In section 2.1 the phrase "server failure responses" is used in place of
SERVFAIL. In section 2.2 return codes are referred to as RCODEs and REFUSED is
used in place of "refused return codes" or something. I don't think it matters
too much which is used, but it seems like the document should be consistent. I
like the all-caps representations, personally, but if you go with that there's
an argument that they should be defined, e.g. by means of a reference to
whatever the latest dns-terminology draft is in section 1.3.
I wonder whether another subsection of section 2 would be useful to discuss
transactions that don't time out, but whose transports return positive
indications of failure, e.g. a TCP handshake failure or RST, or a TLS
negotiation failure when using DoT or DoH. These are not timeouts, but they
also lack RCODEs (since they lack responses). Is it worth suggesting that
failures that are transport-specific be cached, e.g. to record that server
192.0.2.1 doesn't respond on TCP so don't bother bombarding it with SYNs? You
talk about this in 3.1; perhaps a forward reference from section 2 would be
helpful.
Section 2 talks at some length about RCODEs like SERVFAIL and REFUSED but is
silent on the existence of the extended error option. This may be ok, e.g.

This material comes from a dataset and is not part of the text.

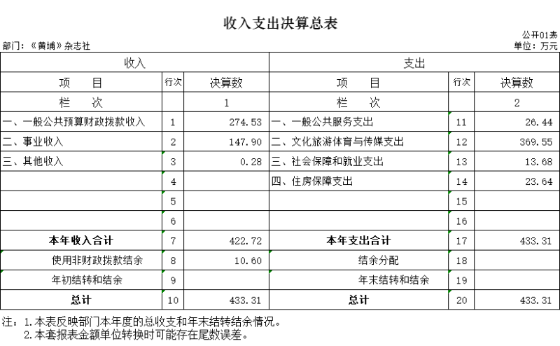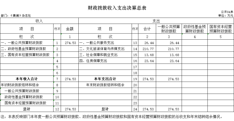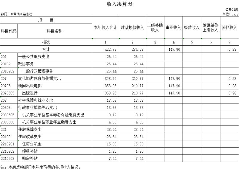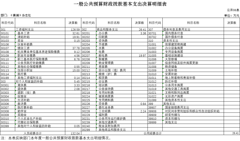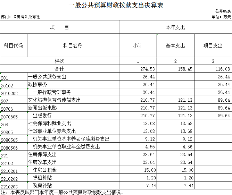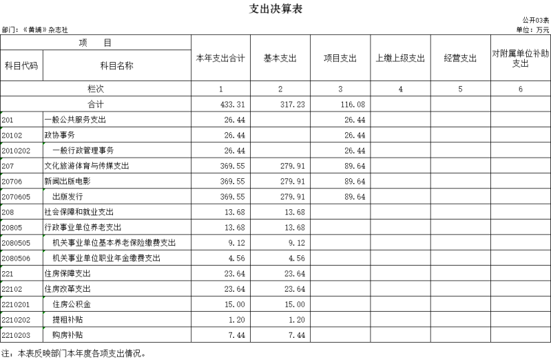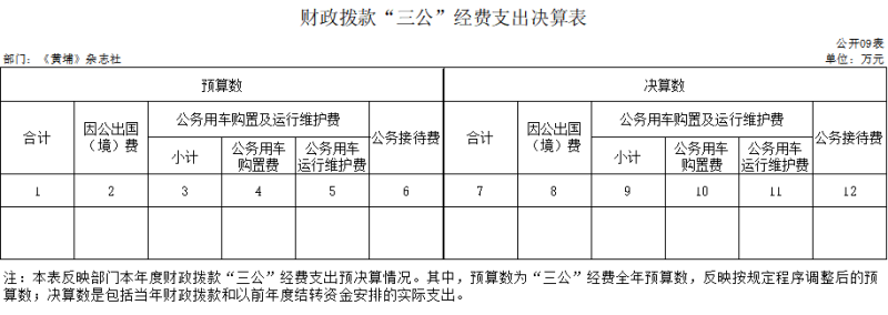 十、文化旅游體育與傳媒支出(類)新聞出版電影(款)出版發行(項):指《黃埔》雜志社事業運行人員經費、公用經費、《黃埔》雜志改版經費補貼項目、向臺灣及海外贈閱雜志政策性補貼項目的支出。

since the EDE spec is quick to specify that it "does not change the processing
of RCODEs" and since the purpose of your draft is presumably to deal with retry
behaviour regardless of whether EDE is supported, but it feels odd not to
mention it at all even if it's just to clarify why it's ok for this
specification to deal just with RCODEs.
Section 3.1 uses the phrase "a server's transport". I stared at that for quite
a bit and I'm not sure I know for sure what it means. I think you're talking
about the number of successive transmission of the same query using the same
transport that are sent to the same server address. Perhaps that's obvious to
other people (or perhaps my interpretation illustrates that there is some
ambiguity). Later in this section when you say "timeout value" I think you're
talking about how long to wait before identifying a timeout. Again, perhaps
that's obvious.
I think the lack of prescriptive direction in section 3.2 concerning precisely
how software should implement the required caching is very sensible.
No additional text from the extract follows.